A+ A A-

Spannabis, Barcelona i Konopne Kluby Społeczne

Kiedy pomyślisz gdzie mógłbyś legalnie zapalić wakacyjnego spliffa na pierwszą myśl zawsze przychodzi Amsterdam ale mamy przecież także inne konopne stolice jak Praga czy właśnie słoneczna Barcelona.

Barcelona to nie  tylko słońce, plaże, palmy czy piękne kobiety, to też prawdopodobnie największa kolebka konopna w Europie. To właśnie Hiszpanie jako pierwsi na starym kontynencie zaczęli się sprzeciwiać konwencjom ONZ i zakazom uprawy rośliny, którą od setek lat ich pradziadowie kultywowali. Ich sprzeciw był skuteczny i przez lata walki i oporu udało im się wypracować bardzo dobrą politykę narkotykową uwzględniającą redukcję szkód i głosy zarówno zwolenników jak i przeciwników.

Dla turysty nie jest to zauważalne gołym okiem, ponieważ na ruchliwych uliczkach Barcelony szybciej i łatwiej kupić nielegalny, przemycany haszysz z Maroko od miejscowych imigrantów aniżeli dostać się do Konopnego Klubu Społecznego. Ponieważ aby móc się zapisać w takim miejscu trzeba mieć rekomendację 2 członków, mieć ponad 18 lat i zapłacić wpisowe w wysokości 10 euro na rok. Nam znajomymi pomogli zapisać się do „Asociacion Barcelonesa Cannabica de Autoconsumo” i dzięki temu możemy korzystać z 15 tego typu klubów w całym kraju. Sam klub z zewnątrz wygląda niepozornie, bez żadnych liści czy czegokolwiek co mogło by zdradzać przeznaczenie lokalu. Aby wejść musimy okazać  naszą kartę członkowską.
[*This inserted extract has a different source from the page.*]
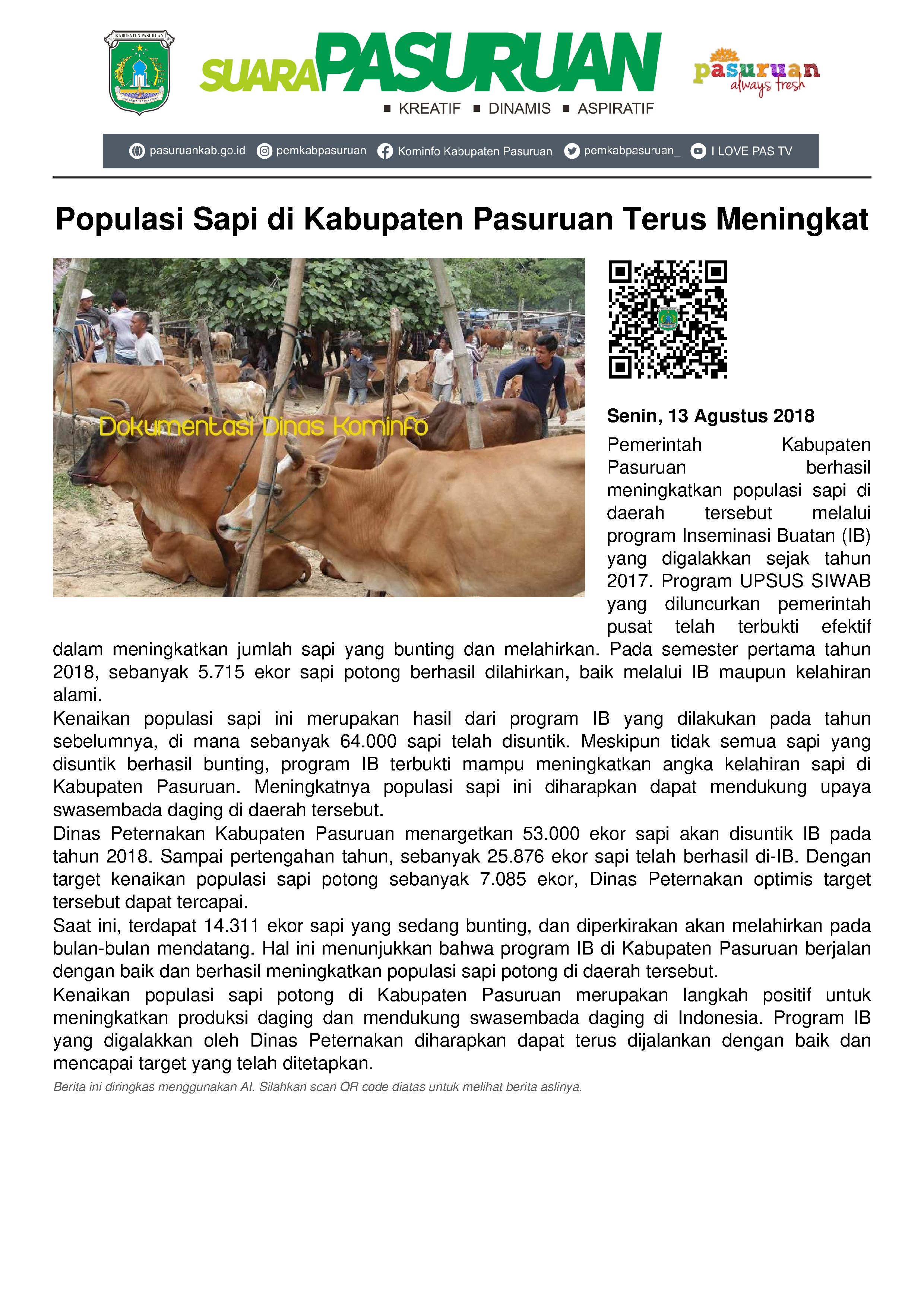 Semenjak Pemerintah Pusat menggalakkan program Upaya Khusus sapi indukan wajib bunting (UPSUS SIWAB) pada tahun lalu, Pemkab Pasuruan melalui Dinas Peternakan sukses memperbanyak jumlah populasi sapi pada tahun ini.

Wnętrze robi wrażenie ekskluzywnego klubu z wygodnymi kanapami, telewizorami na ścianach, lodówki z napojami i przekąski na stole, które są za darmo, wliczone w opłatę członkowską. No i oczywiście to co najważniejsze czyli  bar gdzie możemy w cenie 6 euro za gram kupić 3 gramowe woreczki. Wszystkie ładnie opisane i opieczętowane, a odbiór każdego woreczkaKonopny Klub Społeczny - Barcelona trzeba podpisać osobiście u barmana po okazaniu legitymacji. Mamy do wyboru kilka odmian, a te najlepsze to zdecydowanie Amnesia i AK47, ich smak, konsystencja czy zapach były nieprawdopodobne, wręcz idealne. Konsumuje konopie od ok 15 lat, paląc ją w różnych zakątkach starego kontynentu podróżując ze Spliffem i czegoś takiego nie paliłem od bardzo, bardzo dawna. Od razu widać, że to jest zioło robione dla siebie, dla członków, aby się delektować i cieszyć, a nie liczyć tylko na zysk. Jest o wiele lepsze od przenawożonego palenia z Amsterdamu, a nie wspominając już zupełnie o beznadziejnej jakości „pseudo-dopalaczo-zioła” z Polskich ulic, które nie prezentuje żadnej jakości.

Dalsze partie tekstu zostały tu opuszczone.